この店では3,500円、4,000円、5,000円のコースがあって、それぞれ料理とお酒の飲み放題がセットになっています。詳しくは店の公式サイトでご確認いただくとして、我われが今日いただいている5千円のコースでは料理5品にお茶漬け、デザートが出て、お酒はビール、日本酒、ウイスキー、焼酎、ソフトドリンクが飲み放題となります。飲み放題の日本酒は5千円コースの場合、久保田(紅寿)、八海山(純米吟醸)、〆張鶴(純)、一ノ蔵(純米辛口)、黒龍(純米吟醸)、文政六年(純米)、立山(吟醸)、木綿屋(特別純米)、鷹勇(なかだれ)、初亀(吟醸)、くどき上手(純米吟醸)の11種類というラインナップ。同じく焼酎は富の宝山(芋)、中々(麦)、紅乙女(胡麻)、ダバダ火振り(栗)などなど。さぁ、2時間でどれだけ飲めるかとワクワクしますよねぇ。
まずママさんがすすめてくれたのは「美丈夫(びじょうぶ) 麗 うすにごり」。これは飲み放題の中にはない商品なのですが、常連・Hさんのグループということでママさんが出してくれたものです。
ママさんが慎重に4合瓶のスクリューの栓をひねると、プシューッという音とともに瓶の中に泡が立ちはじめます。そこでいったん栓をややしめて泡立ちが落ちつくまでしばらく待って、いよいよ抜栓です。ガラス製のお猪口についでもシュワっと立ち昇る細かい泡。いただきまーす。んー、これはまるで甘口のシャンパンのような。こんな日本酒もあるんですねぇ。
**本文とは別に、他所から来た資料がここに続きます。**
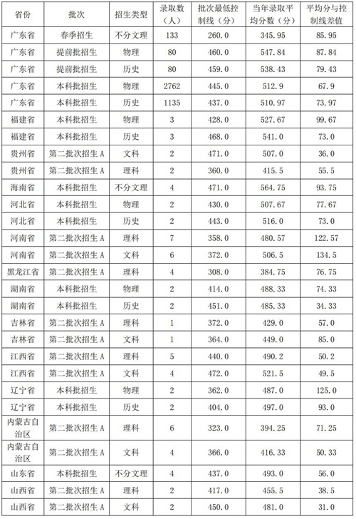 壹、主要在广东招生,录取率、报到率略低
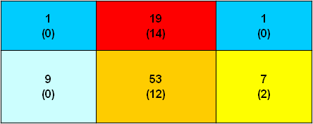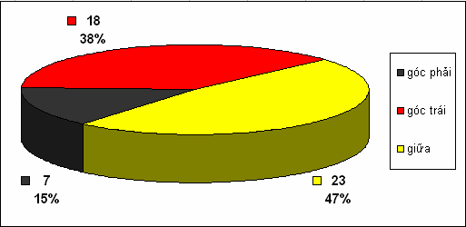 Tuy ít khi dứt điểm về góc phải, nhưng góc sút này có tỉ lệ thành bàn rất cao với tỉ lệ thành công đến hơn 85% . Các hướng còn lại chỉ dừng ở mức độ trung bình (hình 4b)
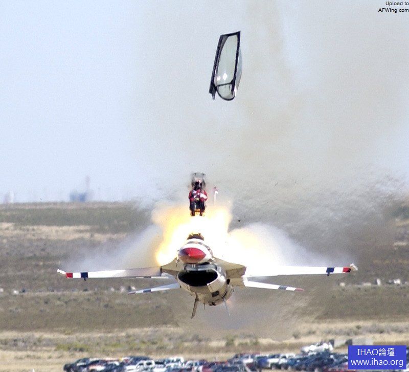 出於經濟因素的考慮和環保形象,“雷鳥”在1974年換裝了更為省油的T-38A“禽爪”,繼續飛了7年。1982年1月18日發生了“雷鳥”歷史上最嚴重的事故:4架T-38以菱形編隊撞向沙漠,無人倖存。T-38是“雷鳥”使用過的唯一的教練機,1983年換裝F-16A Block15“戰隼”戰鬥機,1992年換成了F-16C Block32,2009年表演季又換裝了F- 16C Block52,該機安裝有強勁的普惠F100-PW-229發動機。

ビールとお通し / 美丈夫 麗 / シュワッと薄にごり
ママさんも「ちょっと1杯ちょうだいね」とお猪口に入れてひと含み。「なるほど、ちょっと辛口ね」とママさん。Hさんによると、ママさんは利き酒コンクールで優勝したことがあるくらいお酒の味に敏感なのだそうです。「私も同じコンクールに出たんだけど、まるでわからなかったよ」とHさん。ほんとですよねぇ。私なんか、とてつもなくまずいお酒の場合だけわかるくらいで、後はどれもおいしく感じてしまう。最近はいいお酒が多いので、いつもいつもおいしいばかりで...。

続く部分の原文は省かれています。